Accanto al campo alias, è presente un asterisco che rimanda a una nota informativa, che chiarisce che, per i rapporti con la Pubblica Amministrazione, dove è rilevante il solo dato anagrafico, la CGIL è tenuta a raccogliere sia il genere percepito e il nome di elezione sia i dati relativi al sesso assegnato alla nascita e al cognome. Tuttavia, per i fini interni di tesseramento, il dato rilevante sarà esclusivamente quello relativo all’identità alias.

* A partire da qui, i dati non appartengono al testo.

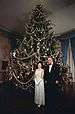President John F. Kennedy and First Lady Jacqueline Kennedy with the first themed Blue Room tree in 1961.

Perché il tesseramento alias?

L’iniziativa – che va aggiungersi a quelle già implementate da altri enti come scuole, università, comuni ed enti di promozione sportiva – si colloca in un contesto dove la legislazione italiana, ancorata alla legge del 1982, si rivela inadeguata e obsoleta rispetto alle esigenze di autodeterminazione e identità di genere.

Caratterizzata da un approccio psichiatrizzante e patologizzante, la legge 1982 del è in netto contrasto con le raccomandazioni delle istituzioni internazionali, come l’Organizzazione Mondiale della Sanità (OMS), che invitano all’abbandono di tali logiche.

Sappiamo che questa non è la soluzione del problema, che può venire solo da una nuova legge che tenga in debito conto le istanze della comunità trans e il principio di autodeterminazione della persone – scrive CGIL in un comunicato – Ma abbiamo la certezza che la buona prassi che oggi portiamo a compimento con la circolare che conclude il processo avviato con l’ultima assemblea organizzativa, renderà più facili e rispettosi i rapporti tra noi e chi a noi fa riferimento.

Non va infine trascurato il fatto che, come sempre accade, le buone prassi fanno da propulsore di una contrattazione, ma soprattutto di una legislazione più avanzata e più attenta alla vita vera delle persone che – sola – può dare risposte universali e non solo rivolte a una platea inevitabilmente parziale”.